Fraser’s A Vida e as Mortes de Severino Olho de Dendê is a novel published by a big, established house, which proved that it could win the 2023 Jabuti Award for Best Enterteinment Novel and call attention for the potential of Brazilian SF with the biggies, and for the potential of space opera in particular. But the winner was a metalinguis­tic YA novel by Karine Asth, Dentro do nosso Silêncio [Within our Silence], released by Editora Bestiário. The Jabuti was announced in the first week of December, and Fraser’s book, a pastiche romp on space opera, falls within that valuing of Northeastern culture.

The very last award of the year was the Argos, sponsored by Science Fiction Reader’s Club de Literatura Fantástica. Its awards ceremony hap­pened in Rio de Janeiro, on December 15. For this year, its committee opted for a voting system in two phases.

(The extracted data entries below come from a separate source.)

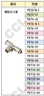 PBT4,PBT6,PBT8,PBT10,PBT12,PBT12-03,PBT10-04,PBT4-M5,PBT6-01,国鹰KUOIN螺纹正三通接头
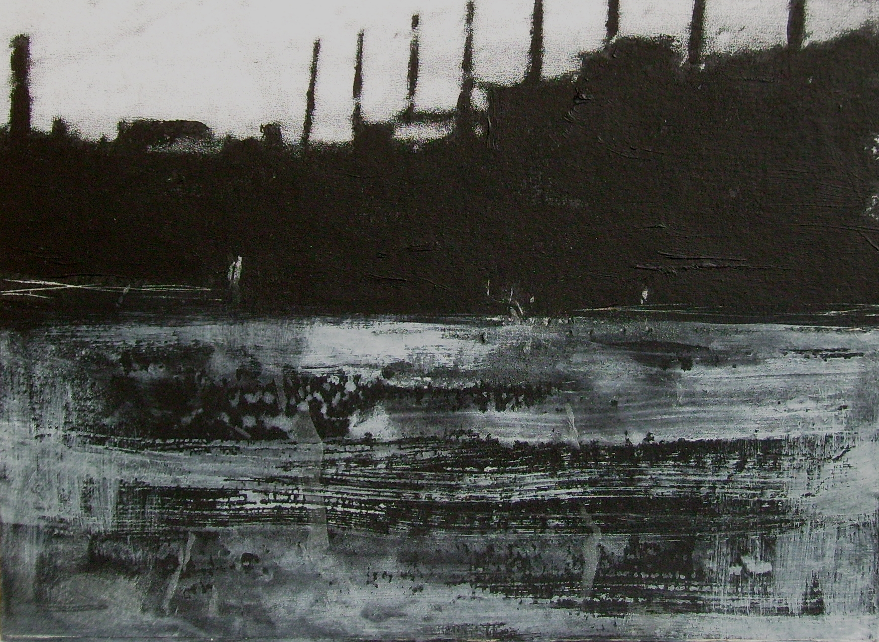an deinem Bild faszinieren mich vor allem die reliefartigen Strukturen und dieses "Widerspenstige", einmal in der unteren Hälfte (da ist eine starke, widerborstige Bewegung drin, vor allem durch die kratzigen Flächen) und zum anderen der Kontrast zum oberen Teil, der eher statisch auf mich wirkt. Es ist für mich fast so, als wolle der untere, sehr bewegte Bereich, dem oberen - in seiner "Gegenbewegung" - Paroli bieten.
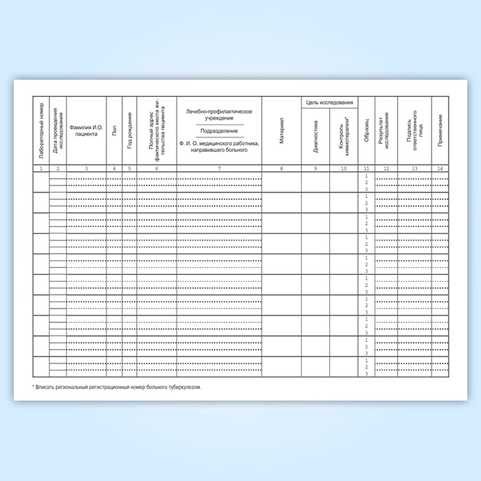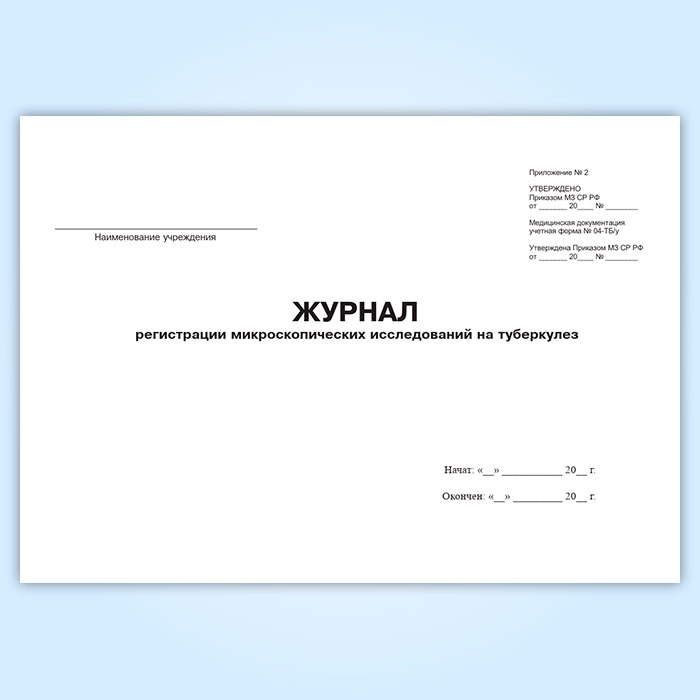Журнал регистрации диагностического материала, собранного для микроскопических исследований на туберкулез (форма № 04-1-ТБ/у) в Ульяновске купить
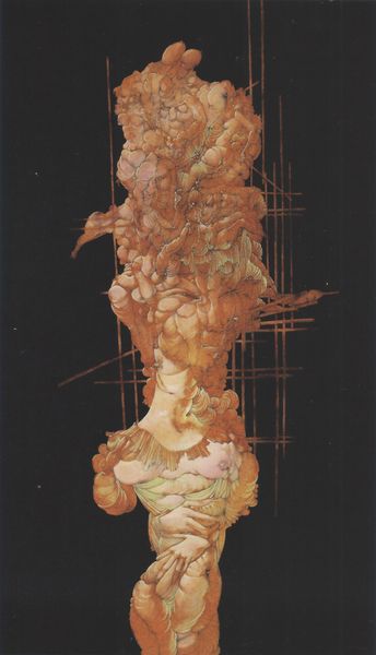 This painting by Zdzislaw Beksinski presents us with a colossal face, its features emerging from shadow with a strange orb hovering above. The eye sockets serve as haunting windows into inner depths. Consider the motif of the all-seeing eye, so ancient that it permeates cultures across time. Here, the empty sockets evoke not divine omniscience but rather a profound absence, a void. We see it echoed in ancient Egyptian art where eyes denote protection and insight. Yet, the grotesque distortion here twists that symbolism into something far more unsettling, as if the collective fears and anxieties of humanity are given form. There is a deeply felt psychological intensity; Beksinski taps into primal fears of mortality and the unknown. This isn't merely a painting; it's a visceral manifestation of the subconscious, a reminder of the cyclical nature of our anxieties, ever-present, ever-changing.
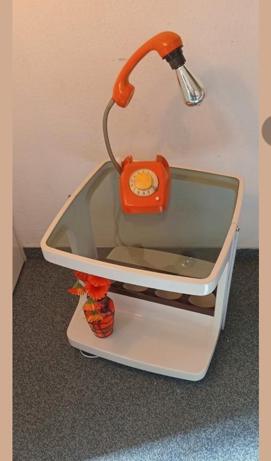 Esta es una mesa de bar única, de estilo espacial, de la década de 1970. Tiene un aspecto retro y una superficie de cristal ahumado. Está hecha de plástico resistente y vidrio, y cuenta con un práctico espacio para guardar botellas u otros artículos. Perfecta para los amantes del diseño vintage y retro. Presenta leves signos de uso, pero le falta una pequeña pieza del inserto marrón en un lateral. Ver fotos.
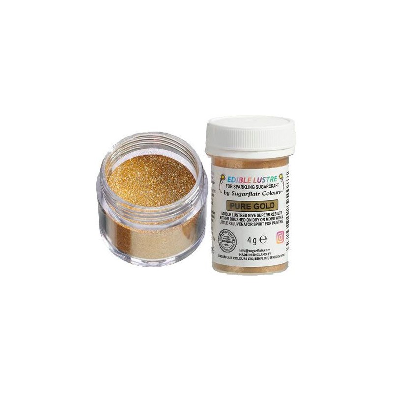 El Edible Lustre en Glitter Pure Goldde Sugarflair es un producto de primera calidad, versátil y seguro que da un bonito brillo a tus creaciones. El complemento perfecto para dar un toque extra a sus creaciones. Este Edible Lustre se puede aplicar directamente con un pincel y da a sus productos horneados un hermoso brillo que llamará la atención de todos.
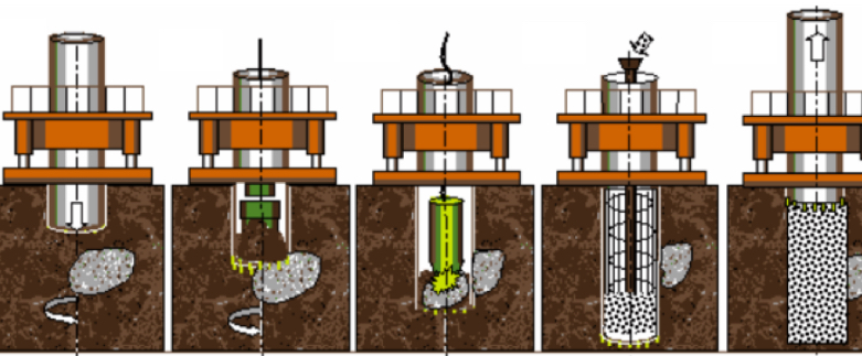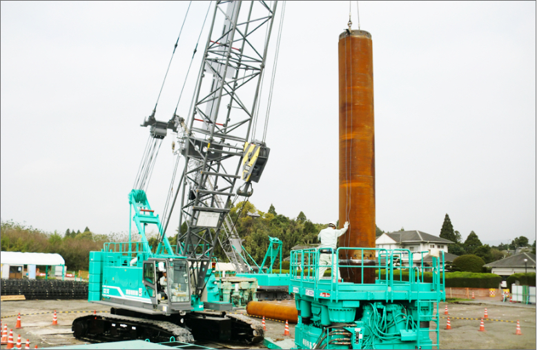 全周回転掘削機にてケーシングを地中に圧入し、孔壁を保護しながらハンマーグラブで掘削・土砂の排出を行い、できた孔に鉄筋かごを建て込んだ後、トレミー管でコンクリートを打設して杭を築造する工法です。軟弱地盤から硬質地盤までどのような悪条件下にあっても無振動・無騒音で作業を行う画期的な工法。施工は全周回転式オールケーシング工法で行われるため、垂直精度も高く杭の信頼性が大きい点も特徴の一つです。

The first phase was within the norm up to this point: Only members were allowed to vote. The second phase was open to anyone. Promptly, the committee issued a statement informing that block voting was detected and they were erasing that, as it went. This led fan and critic Cesar Silva, who has a history with the Argos and who was a judge at the Odyssey in 2023, to denounce authors lobby­ing for the Argos. Categories were Novel (Estação das Moscas [Station of Flies], by Cirilo S. Lemos, through Editora Draco), the confusing Anthology or Collection (Os Pilares de Melkat [The Pillars of Melkat], a collection by Ana Lúcia Merege, through Draco) and Short Story (‘‘Jogo do Destino’’ [Destiny Game] by de Merege from Draco). At the same event, SFRC also handed down trophies and certificates not sent from previous Editions of the Argos, due to the COVID-19 pandemic.

The Quatro Cinco Um (451, after Fahrenheit 451) literary journal printed in its December issue its list of the best books of 2023. Among them, as­sociational novel O Crime do Bom Nazista [The Good Nazi’s Crime], by Samir Machado de Machado, who began as a SF author/editor, responsible for the Ficção de Polpa [Fiction of Pulp] anthology series. Other chosen ones of interest includes Onde Pastam os Minotauros [Where the Minotaurs Graze] by renowned main­stream author Joca Reiners Terron, who mingles fantastic elements (the presence of Minotaurs and the viewpoint of cattle in an abattoir) with the realist narrative in a fabulation key; and Bernardo Carv­alho’s Os Substitutos [The Replacements], a short novel that, according to reviewer Victor da Rosa, has science fictional elements that dialogue with a historical plot about the travels of a timber traf­ficker’s son during the military dictatorship (1964-1985), which, by the way, has opened the Amazon forest for plunder. Clearly, it is time to ponder the backwardness of the Bolsonaro administration and its nostalgia for tyranny.

–Roberto de Sousa Causo


This report and more like it in the March 2024 issue of Locus..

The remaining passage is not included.